Дед хрустнул плечами и желтым глазом уставился в красный угол с мерцающей лампадой перед большой иконой:
— Ты, поди, подметил киот на поставе Россиюшки? Так вот моя старуха крестится: сама слыхала, как богоматерь шепчет молитвы. Ну, думаю, проверю. И ночью к памятнику. А моя Кикимора, что ищейка, морду вытянула, ноздрями сопит и хвост поджала, словно учуяла серого. И вот те крест! — Старик мелко осенил впалую грудь и доверительно продолжал: — Слышу… кто-то скребет. А я, сам знаешь, в потемках вывески читаю. Гляжу, глазам не верю: от поставы отпрянул могутный, что статуй, громила и топ-топ в крапивник, что возле крепости. Мне бы за ним, так от страха ноженьки мои отнялись…
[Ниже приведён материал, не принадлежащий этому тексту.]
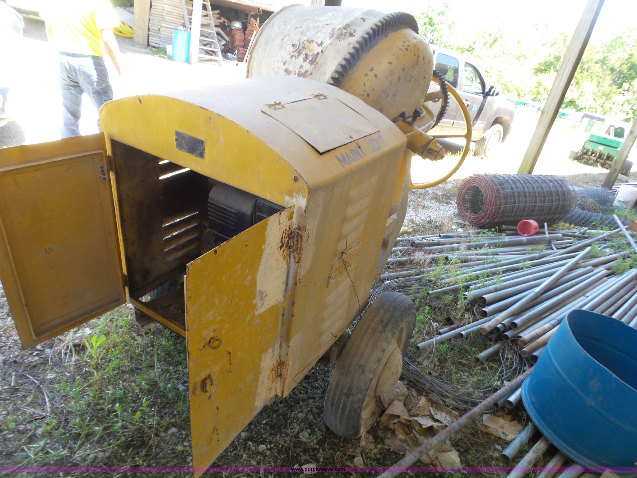 Purple Wave is selling a used Concrete Dispenser in Kansas. This item is a Eclipse 5-100 cement mixer with the following: Single cylinder gas engine, 3.5 sack capacity, Pin hitch, Non-operational engine

Дед положил смоченный окурок под свою голую пятку:
— А поутру вертаю с вокзала и вижу: наборщик, тощий, что кнут, типографской краской замазывает сияющую икону. Вишь, ночной детина «обновлял» икону к молебну и крестному ходу…
— А что еще заприметил у «чудотворца»?
— Цыганскую курчавую бородищу. Да я опознаю…
Скрипучие ходики с двумя подковами на длинной цепочке напомнили гостю час занятия с учеником. Калугин встал и вдруг глазами измерил старую балалайку, висевшую меж окон.
Когда-то русская балалайка была двухструнной. Но и она прогрессирует: стала с тремя и формой богаче — малюсенькая, малая, средняя, большая и огромная. Они образовали великорусский оркестр, слава о котором разнеслась по всему миру.
Осматривая балалайку, историк увидел в ней образ философского ключа номер три. Три части инструмента: корпус, гриф и головка настройки. Треугольная форма деки. Три струны. И три колка. Да и бряцают кончиками трех пальцев. При этом левая рука меняет звучание, прижимая струны к ладам, а правая, наоборот, извлекает звуки с поразительным постоянством.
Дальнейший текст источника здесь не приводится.